The data that follows is to be copied exactly, with each image removed.

• Excerpts from a dataset:
Segment Open

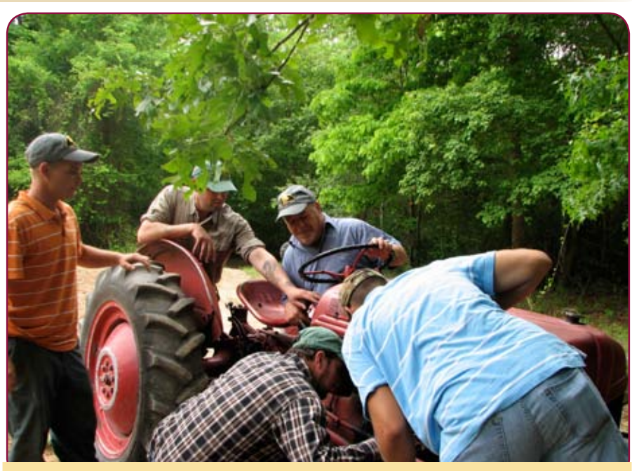
Veterans learning tractor repair and maintenance

The Farmer-Veteran Coalition is a unique marriage of farmers and food industry leaders committed to overcoming agricultural, managerial, financial, and marketing obstacles together with young veterans who have little to no experience working in the civilian world but are ready and able to apply their skills. The mission of the FVC is to mobilize our food and farming community to create healthy and viable futures for America's veterans by enlisting their help in building our green economy, rebuilding our rural communities, and securing a safe and healthy food supply for all. They do this through career development, educational farming retreats, mentoring by experts in business planning, production and marketing; fellowships and in-kind donations of seed, fertilizers, irrigation supplies, farm equipment, and breeding
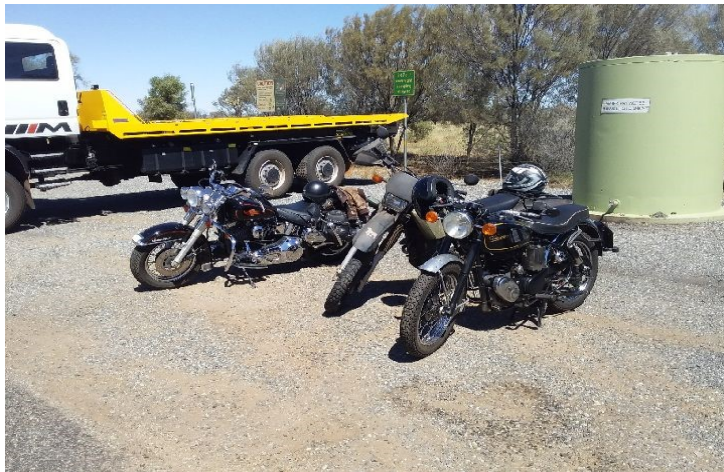
The motorbike brigade
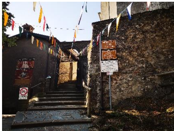
There is a small bar on the right.
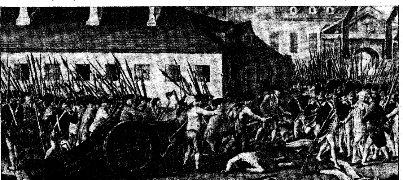
The storming of the Bastille in 1789

So what is the dialectic but the movement of both ideas and of masses in motion towards the transformation of reality? This is in contrast to the lack of all meth-

Segment Closed

• EXERCISE SOLUTION:
Veterans learning tractor repair and maintenance

The Farmer-Veteran Coalition is a unique marriage of farmers and food industry leaders committed to overcoming agricultural, managerial, financial, and marketing obstacles together with young veterans who have little to no experience working in the civilian world but are ready and able to apply their skills. The mission of the FVC is to mobilize our food and farming community to create healthy and viable futures for America's veterans by enlisting their help in building our green economy, rebuilding our rural communities, and securing a safe and healthy food supply for all. They do this through career development, educational farming retreats, mentoring by experts in business planning, production and marketing; fellowships and in-kind donations of seed, fertilizers, irrigation supplies, farm equipment, and breeding
The motorbike brigade
There is a small bar on the right.
The storming of the Bastille in 1789

So what is the dialectic but the movement of both ideas and of masses in motion towards the transformation of reality? This is in contrast to the lack of all meth-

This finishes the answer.